It’s hard to envision life without the computer. Today we carry miniature computers – that’s what smartphones are, after all – in our pockets. Nevertheless, there was a time when the majority of consumers didn’t have a single computer within their homes.
George Dyson, a science historian, asks how we went from having no computers to having so many in such a small amount of time period in his book, Turing’s Cathedral.
Dyson has a distinctive vantage point which makes him the perfect author for this book. He’s the son of a top scientist, Freeman Dyson and, due to this, has spent much of his years at the Princeton Institute for Advanced Studies. The Institute was home to the globe’s most talented scientific minds – included Einstein’s – as they were in the midst of building and operating the first digital computers under the guidance of scientist Josh von Neumann.
Turing’s Cathedral explores the invention of the computer, emphasizing the contrasting personalities which were thrown together to work on the project. It also explores what was involved in the invention of the computer, much of which was chance.
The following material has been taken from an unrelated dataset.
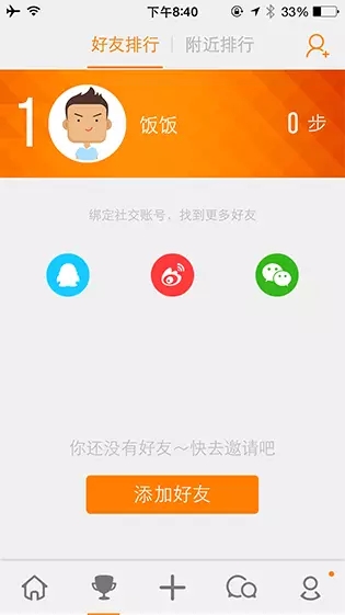 “樂動(dòng)力”的好友排行頁面,在沒有添加過好友的情況下,該頁面展示了一些社交網(wǎng)絡(luò)的圖標(biāo)和大大的添加按鈕提示用戶可以通過綁定社交賬號(hào)來找到更多好友一起PK運(yùn)動(dòng)量。

When great minds work on a project there are sure to be rivalries and heated disagreements, the development of the computer was no different. This book demonstrates that the individuals that worked on this project were geniuses, certainly not saints. Moreover there were some moral problems that the creators of the computer faced while working on this project, since the work they were doing had a close association with the U.S. nuclear weapons project.
You might think that history books are dry reads and a history of computers has to be crammed with technical lingo. Turing’s Cathedral doesn’t fit that image at all. Anyone who uses a computer will find this book intriguing. Which is an awful lot of people today.